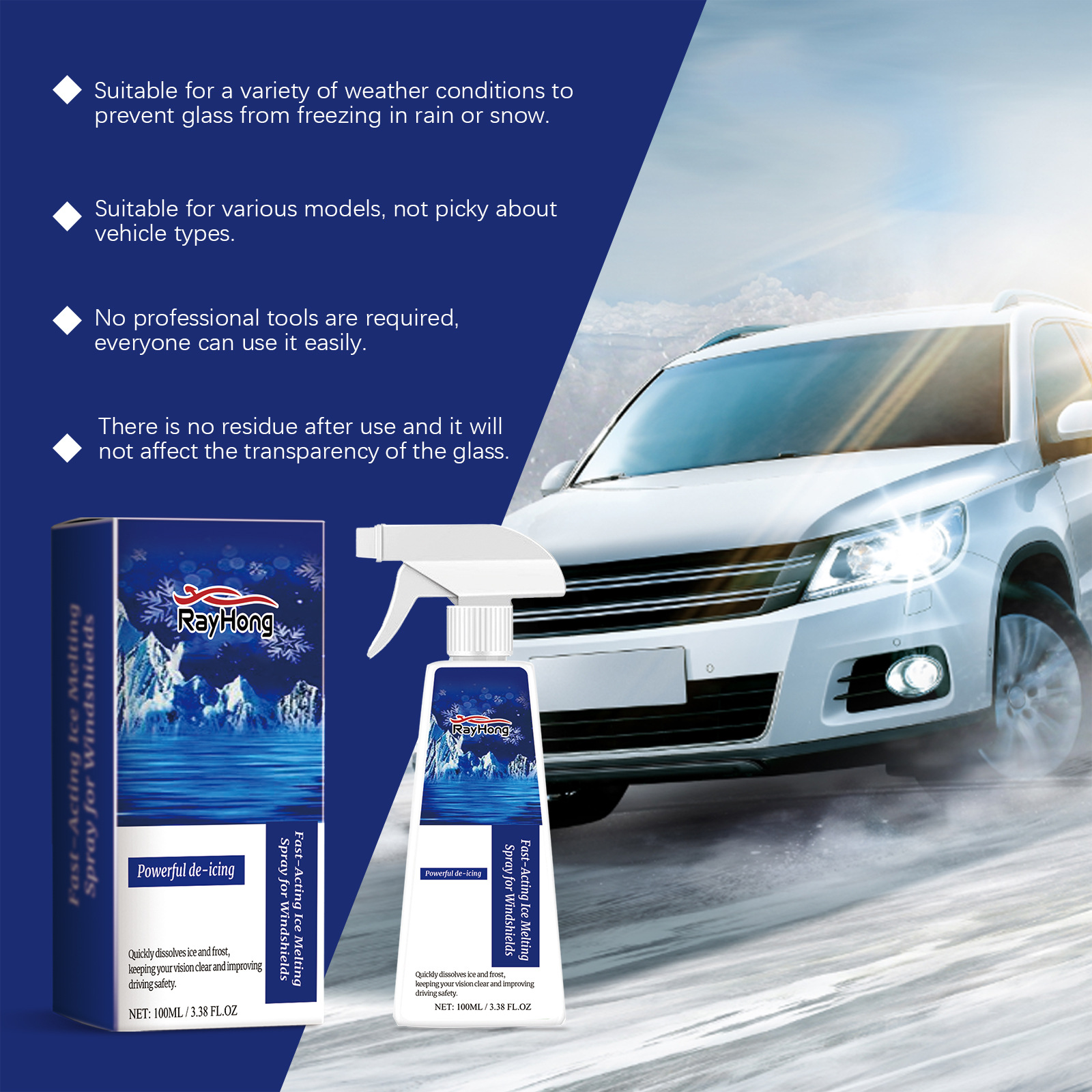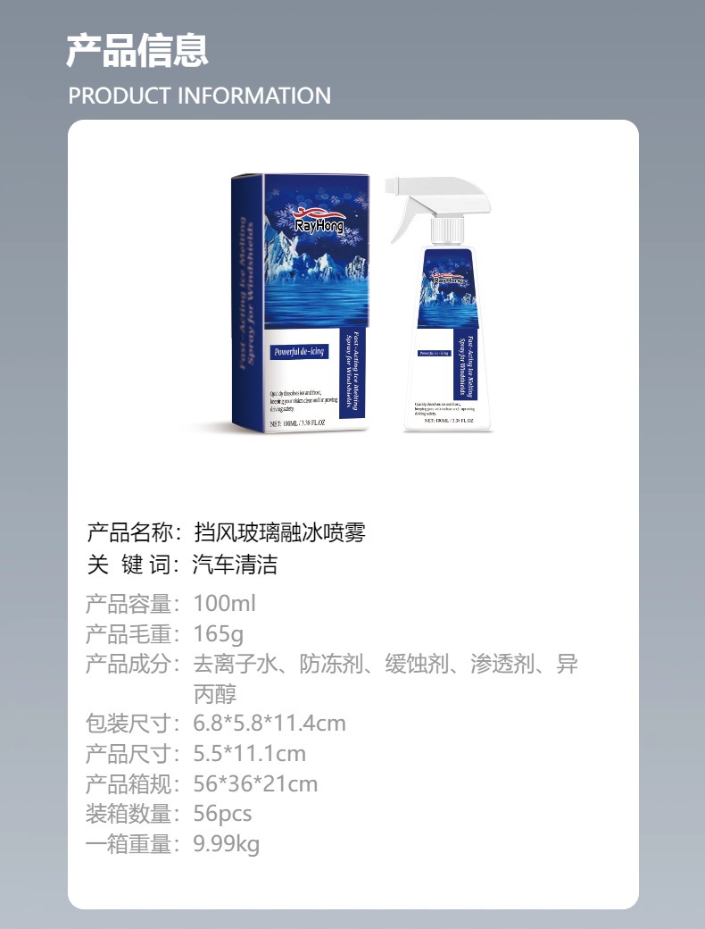 라홍 앞 유리 얼음 녹는 스프레이 자동차 앞 유리 창 해동 눈 제빙 스프레이
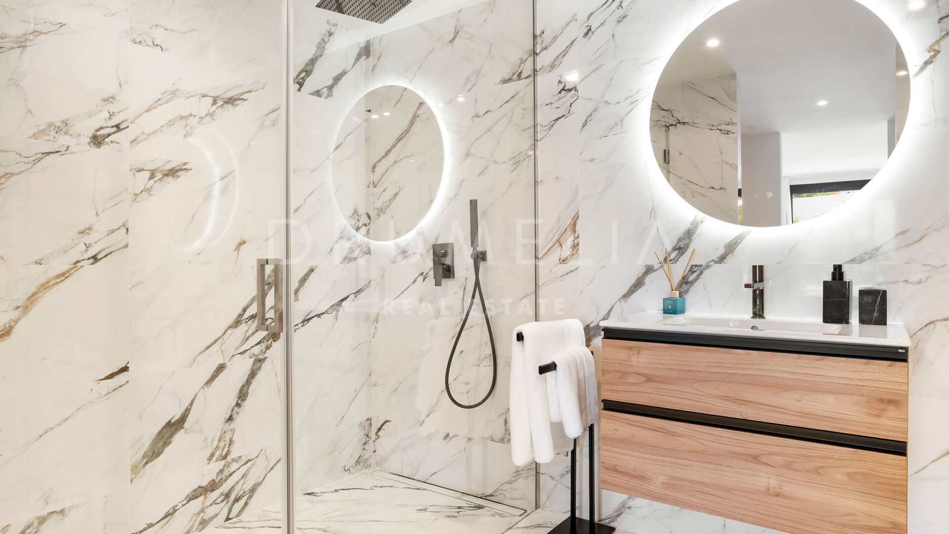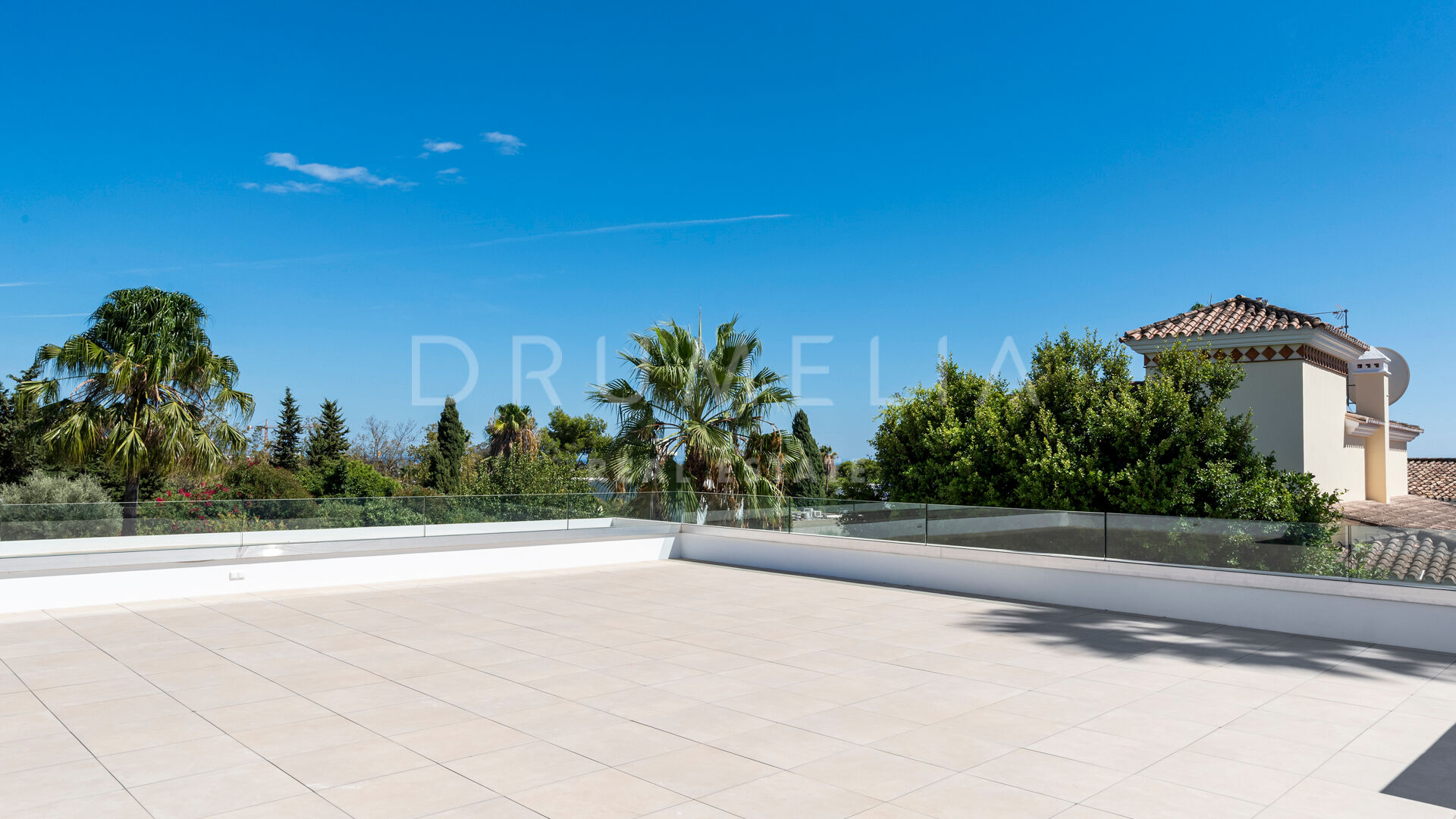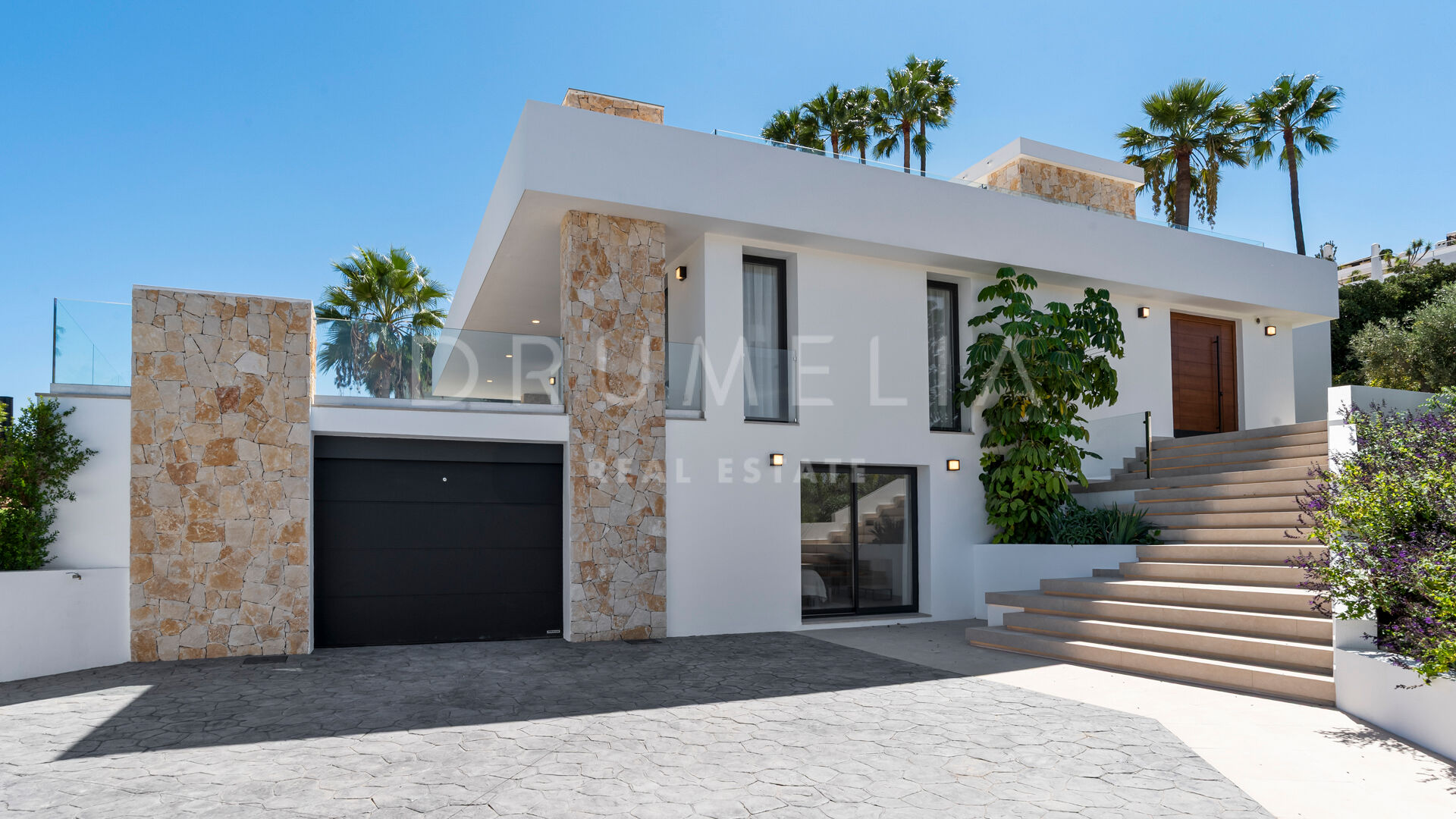 En el exterior, la villa ofrece un jardín paisajístico con piscina privada y una gran terraza en la azotea con vistas panorámicas al mar y la montaña. El garaje cubierto dispone de punto de carga para vehículos eléctricos, y la parcela ofrece espacio adicional para varios coches. Lista para entrar a vivir, esta residencia representa el equilibrio perfecto entre elegancia, comodidad y sostenibilidad en una de las zonas más codiciadas de Marbella.
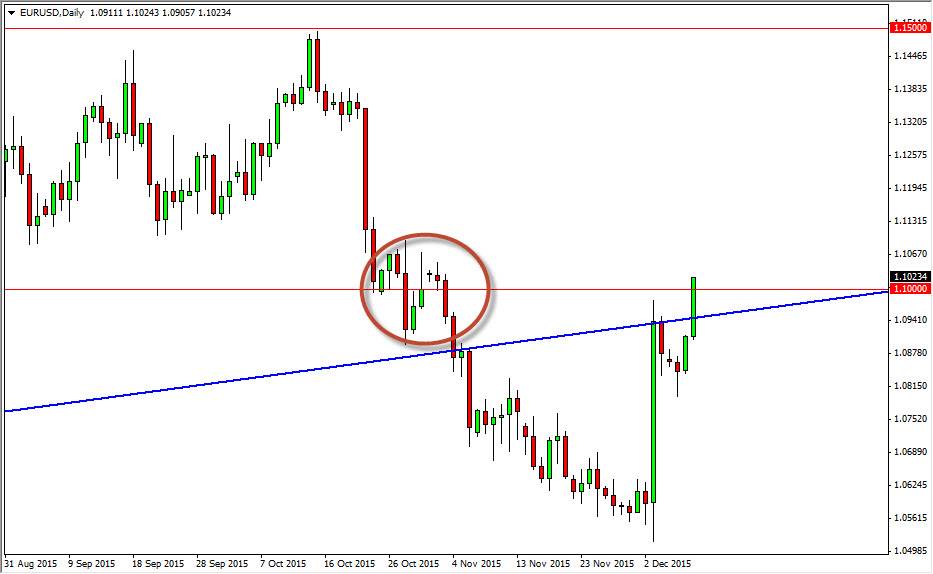The European Central Bank shocked the world when it refused to do aggressive stimulus at the last meeting, as people had fully anticipated it. Because of this, the Euro was suddenly oversold, and as a result the market had to bounce. Quite frankly, I think it is difficult for this market to continue going higher without significant volatility, so any move above the 1.11 level would have to be looked at as a potential long-term trade, and unless you can deal with this type of back and forth type of action, it’s almost impossible to imagine being comfortable with a long position. However, when you change trends, it’s very unlikely that it’s going to be an easy trade, and it’s at times like this where it is most profitable to swim against the tide. Nonetheless, you have to be able to hang onto the longer-term move in order to make any significant profits.
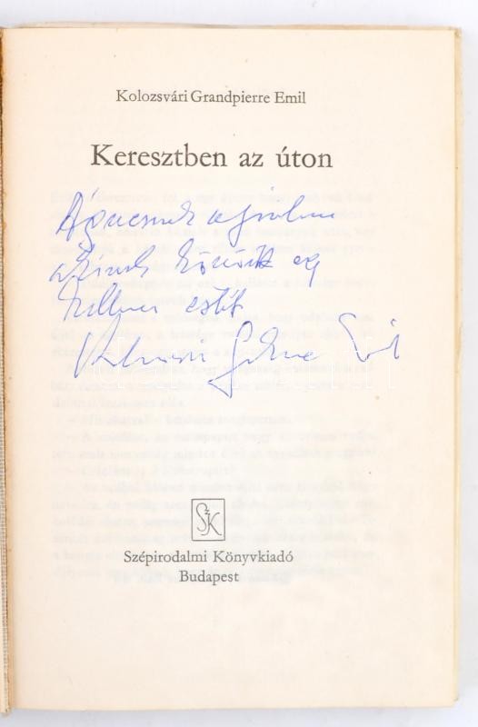 Kolozsvári Grandpierre Emil: Keresztben az úton. Bp., 1971, Szépirodalmi Könyvkiadó. Szerző által dedikálva. Kiadói egészvászon-kötés papír védőborítóval.
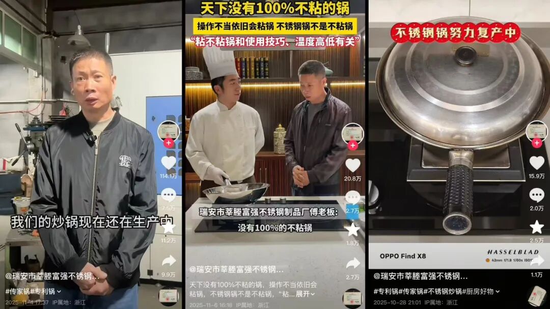 11月25日,“瑞安不銹鋼傳家鍋經(jīng)典復(fù)刻版”預(yù)售鏈接上線后,2萬(wàn)口鍋在25秒內(nèi)便被搶購(gòu)一空。與此同時(shí),該炒鍋生產(chǎn)商——瑞安市莘塍富強(qiáng)不銹鋼制品廠的抖音賬號(hào)近一個(gè)月漲粉至372.6萬(wàn),躋身11月漲粉榜前列。
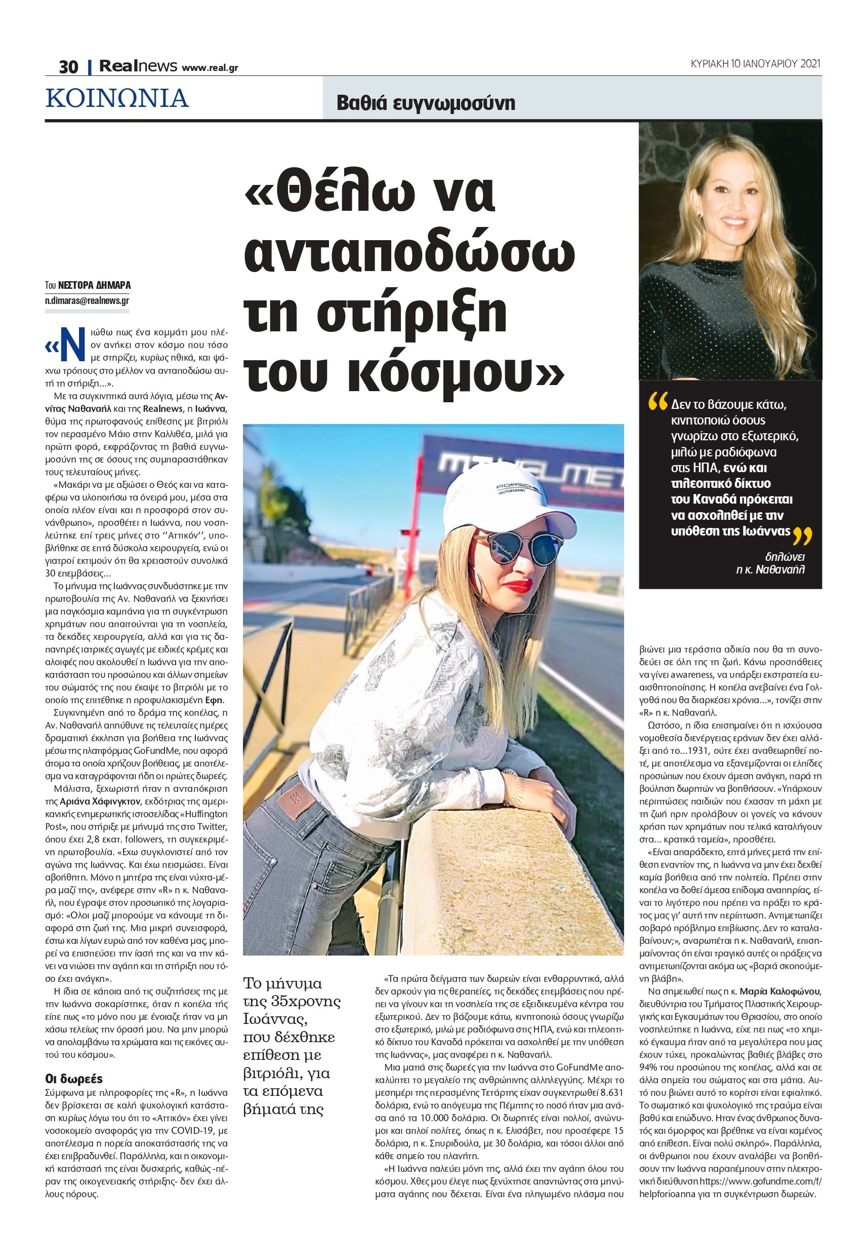 «Μακάρι να με αξιώσει ο Θεός και να καταφέρω να υλοποιήσω τα όνειρά μου, μέσα στα οποία πλέον είναι και η προσφορά στον συνάνθρωπο», προσθέτει η Ιωάννα, που νοσηλεύτηκε επί τρεις μήνες στο ‘‘Αττικόν’’, υποβλήθηκε σε επτά δύσκολα χειρουργεία, ενώ οι γιατροί εκτιμούν ότι θα χρειαστούν συνολικά 30 επεμβάσεις… Το μήνυμα της Ιωάννας συνδυάστηκε με την πρωτοβουλία της Αν. Ναθαναήλ να ξεκινήσει μια παγκόσμια καμπάνια για τη συγκέντρωση χρημάτων που απαιτούνται για τη νοσηλεία, τα δεκάδες χειρουργεία, αλλά και για τις δαπανηρές ιατρικές αγωγές με ειδικές κρέμες και αλοιφές που ακολουθεί η Ιωάννα για την αποκατάσταση του προσώπου και άλλων σημείων του σώματός της που έκαψε το βιτριόλι με το οποίο της επιτέθηκε η προφυλακισμένη Εφη. Συγκινημένη από το δράμα της κοπέλας, η Αν. Ναθαναήλ απηύθυνε τις τελευταίες ημέρες δραματική έκκληση για βοήθεια της Ιωάννας μέσω της πλατφόρμας GoFundMe, που αφορά άτομα τα οποία χρήζουν βοήθειας, με αποτέλεσμα να καταγράφονται ήδη οι πρώτες δωρεές. Μάλιστα, ξεχωριστή ήταν η ανταπόκριση της Aριάνα Χάφινγκτον, εκδότριας της αμερικανικής ενημερωτικής ιστοσελίδας «Huffington Post», που στήριξε με μήνυμά της στο Twitter, όπου έχει 2,8 εκατ. followers, τη συγκεκριμένη πρωτοβουλία. «Εχω συγκλονιστεί από τον αγώνα της Ιωάννας. Και έχω πεισμώσει. Είναι αβοήθητη. Μόνο η μητέρα της είναι νύχτα-μέρα μαζί της», ανέφερε στην «R» η κ. Ναθαναήλ, που έγραψε στον προσωπικό της λογαριασμό: «Ολοι μαζί μπορούμε να κάνουμε τη διαφορά στη ζωή της. Μια μικρή συνεισφορά, έστω και λίγων ευρώ από τον καθένα μας, μπορεί να επισπεύσει την ίασή της και να την κάνει να νιώσει την αγάπη και τη στήριξη που τόσο έχει ανάγκη». Η ίδια σε κάποια από τις συζητήσεις της με την Ιωάννα σοκαρίστηκε, όταν η κοπέλα τής είπε πως «το μόνο που με ένοιαζε ήταν να μη χάσω τελείως την όρασή μου. Να μην μπορώ να απολαμβάνω τα χρώματα και τις εικόνες αυτού του κόσμου».

● ● ●

== Work request ==
Please ensure that the data above is repeated exactly, with no pictures in the copy.

== Written response ==
 라홍 앞 유리 얼음 녹는 스프레이 자동차 앞 유리 창 해동 눈 제빙 스프레이
 En el exterior, la villa ofrece un jardín paisajístico con piscina privada y una gran terraza en la azotea con vistas panorámicas al mar y la montaña. El garaje cubierto dispone de punto de carga para vehículos eléctricos, y la parcela ofrece espacio adicional para varios coches. Lista para entrar a vivir, esta residencia representa el equilibrio perfecto entre elegancia, comodidad y sostenibilidad en una de las zonas más codiciadas de Marbella.
The European Central Bank shocked the world when it refused to do aggressive stimulus at the last meeting, as people had fully anticipated it. Because of this, the Euro was suddenly oversold, and as a result the market had to bounce. Quite frankly, I think it is difficult for this market to continue going higher without significant volatility, so any move above the 1.11 level would have to be looked at as a potential long-term trade, and unless you can deal with this type of back and forth type of action, it’s almost impossible to imagine being comfortable with a long position. However, when you change trends, it’s very unlikely that it’s going to be an easy trade, and it’s at times like this where it is most profitable to swim against the tide. Nonetheless, you have to be able to hang onto the longer-term move in order to make any significant profits.
 Kolozsvári Grandpierre Emil: Keresztben az úton. Bp., 1971, Szépirodalmi Könyvkiadó. Szerző által dedikálva. Kiadói egészvászon-kötés papír védőborítóval.
 11月25日,“瑞安不銹鋼傳家鍋經(jīng)典復(fù)刻版”預(yù)售鏈接上線后,2萬(wàn)口鍋在25秒內(nèi)便被搶購(gòu)一空。與此同時(shí),該炒鍋生產(chǎn)商——瑞安市莘塍富強(qiáng)不銹鋼制品廠的抖音賬號(hào)近一個(gè)月漲粉至372.6萬(wàn),躋身11月漲粉榜前列。
 «Μακάρι να με αξιώσει ο Θεός και να καταφέρω να υλοποιήσω τα όνειρά μου, μέσα στα οποία πλέον είναι και η προσφορά στον συνάνθρωπο», προσθέτει η Ιωάννα, που νοσηλεύτηκε επί τρεις μήνες στο ‘‘Αττικόν’’, υποβλήθηκε σε επτά δύσκολα χειρουργεία, ενώ οι γιατροί εκτιμούν ότι θα χρειαστούν συνολικά 30 επεμβάσεις… Το μήνυμα της Ιωάννας συνδυάστηκε με την πρωτοβουλία της Αν. Ναθαναήλ να ξεκινήσει μια παγκόσμια καμπάνια για τη συγκέντρωση χρημάτων που απαιτούνται για τη νοσηλεία, τα δεκάδες χειρουργεία, αλλά και για τις δαπανηρές ιατρικές αγωγές με ειδικές κρέμες και αλοιφές που ακολουθεί η Ιωάννα για την αποκατάσταση του προσώπου και άλλων σημείων του σώματός της που έκαψε το βιτριόλι με το οποίο της επιτέθηκε η προφυλακισμένη Εφη. Συγκινημένη από το δράμα της κοπέλας, η Αν. Ναθαναήλ απηύθυνε τις τελευταίες ημέρες δραματική έκκληση για βοήθεια της Ιωάννας μέσω της πλατφόρμας GoFundMe, που αφορά άτομα τα οποία χρήζουν βοήθειας, με αποτέλεσμα να καταγράφονται ήδη οι πρώτες δωρεές. Μάλιστα, ξεχωριστή ήταν η ανταπόκριση της Aριάνα Χάφινγκτον, εκδότριας της αμερικανικής ενημερωτικής ιστοσελίδας «Huffington Post», που στήριξε με μήνυμά της στο Twitter, όπου έχει 2,8 εκατ. followers, τη συγκεκριμένη πρωτοβουλία. «Εχω συγκλονιστεί από τον αγώνα της Ιωάννας. Και έχω πεισμώσει. Είναι αβοήθητη. Μόνο η μητέρα της είναι νύχτα-μέρα μαζί της», ανέφερε στην «R» η κ. Ναθαναήλ, που έγραψε στον προσωπικό της λογαριασμό: «Ολοι μαζί μπορούμε να κάνουμε τη διαφορά στη ζωή της. Μια μικρή συνεισφορά, έστω και λίγων ευρώ από τον καθένα μας, μπορεί να επισπεύσει την ίασή της και να την κάνει να νιώσει την αγάπη και τη στήριξη που τόσο έχει ανάγκη». Η ίδια σε κάποια από τις συζητήσεις της με την Ιωάννα σοκαρίστηκε, όταν η κοπέλα τής είπε πως «το μόνο που με ένοιαζε ήταν να μη χάσω τελείως την όρασή μου. Να μην μπορώ να απολαμβάνω τα χρώματα και τις εικόνες αυτού του κόσμου».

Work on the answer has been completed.